The 17-year-old high school senior with her open smile was a minor local star before she set off for her first Olympic Games in London, but she has since set the swimming world alight and cheered the mood in her US hometown.
Franklin attends high school in Aurora, the town where earlier this month a crazed gunman opened fire at a midnigh showing of a new Batman film and killed 12 moviegoers, and lives in nearby Centennial, where he is on trial.
She heard about the shootings in London, where she was preparing for the event of her young life, and spoke from the heart.
"Every single race I'm going to have that Colorado incident back on my mind. It's such a terrible thing and I'm so shaken by it.
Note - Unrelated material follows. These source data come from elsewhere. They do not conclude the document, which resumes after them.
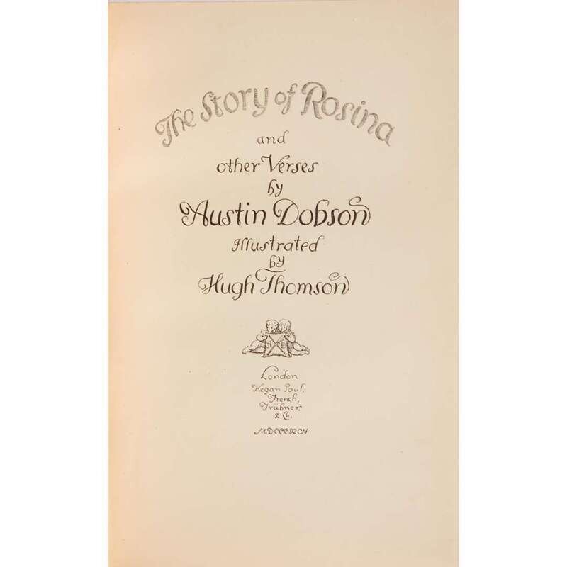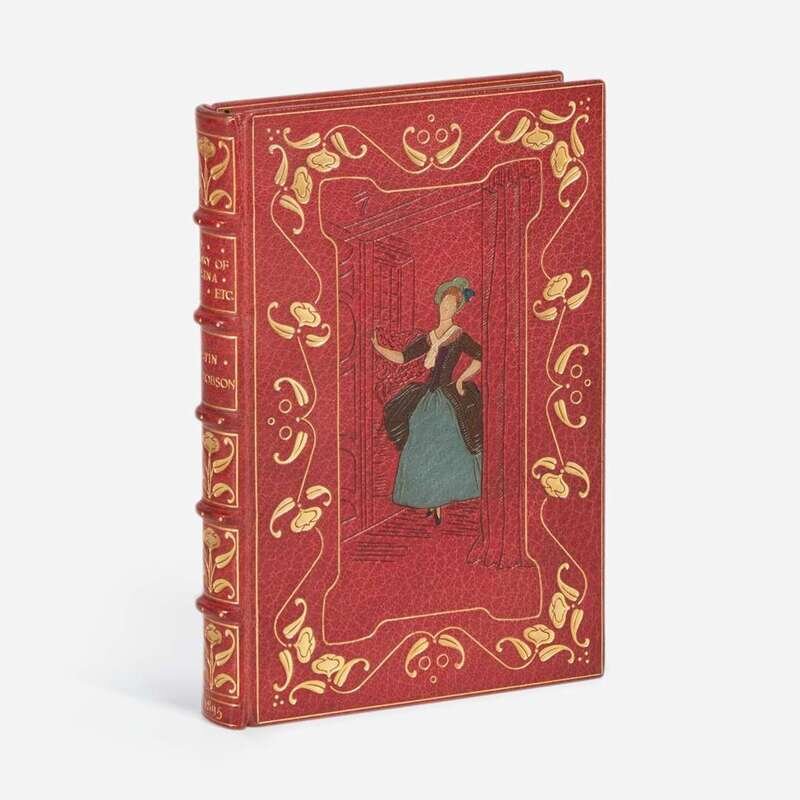 London: Kegan Paul, Trench, Trübner, & Co., 1895. First edition. 8vo. (xvi), 120 pp. Illustrated with an engraved frontispiece, 31 engraved plates, and 17 engraved head-pieces, by Hugh Thomson. Beautifully bound in full crushed crimson levant, stamped in black and in gilt; green, beige, brown, black, and blue onlays on front board, depicting the titular character Rosina (after the plate facing p. 8); all edges gilt; green silk endleaves; by Kelliegram; original cloth bound in at rear; in cloth box, worn.
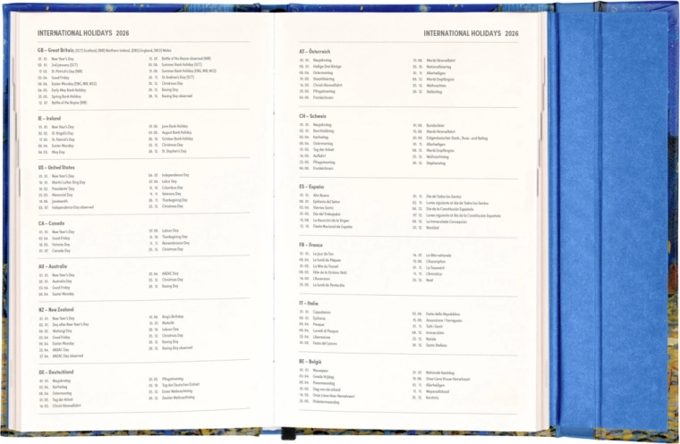 The diary is available in a size of 13 x 21 cm, which is the ideal size for a bag or backpack. It also includes international holidays, which is useful for users who travel often or have international clientele.
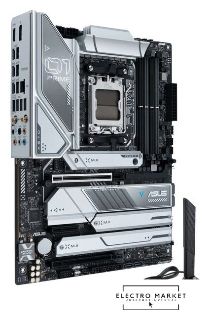 eATX, сокет AMD AM5, чипсет AMD X870E, память 4xDDR5 до 8200 МГц, слоты: 2xPCIe x16 5.0, 4xM.2, 802.11be (Wi-Fi 7)+Bluetooth 5.4, 24+2+1 фаз питания

They're in my thoughts this entire process," she said.
Shaken, perhaps, but not defeated.
Franklin chalked up a bronze medal in the four by 200-meter freestyle relay and won gold in the 100-meter backstroke, despite racing only 15 minutes after qualifying for the finals in the 200-meter freestyle.
And she has more races to come.
"With everything that's been going on here lately, the wildfires and the shootings in Aurora, it's really special,"
said Tom Suko, 27, a cashier at a sporting goods store near Franklin's home in the Denver suburbs.
"These people can use someone to rally around," he said.
"She's a great story and someone a community can be proud of."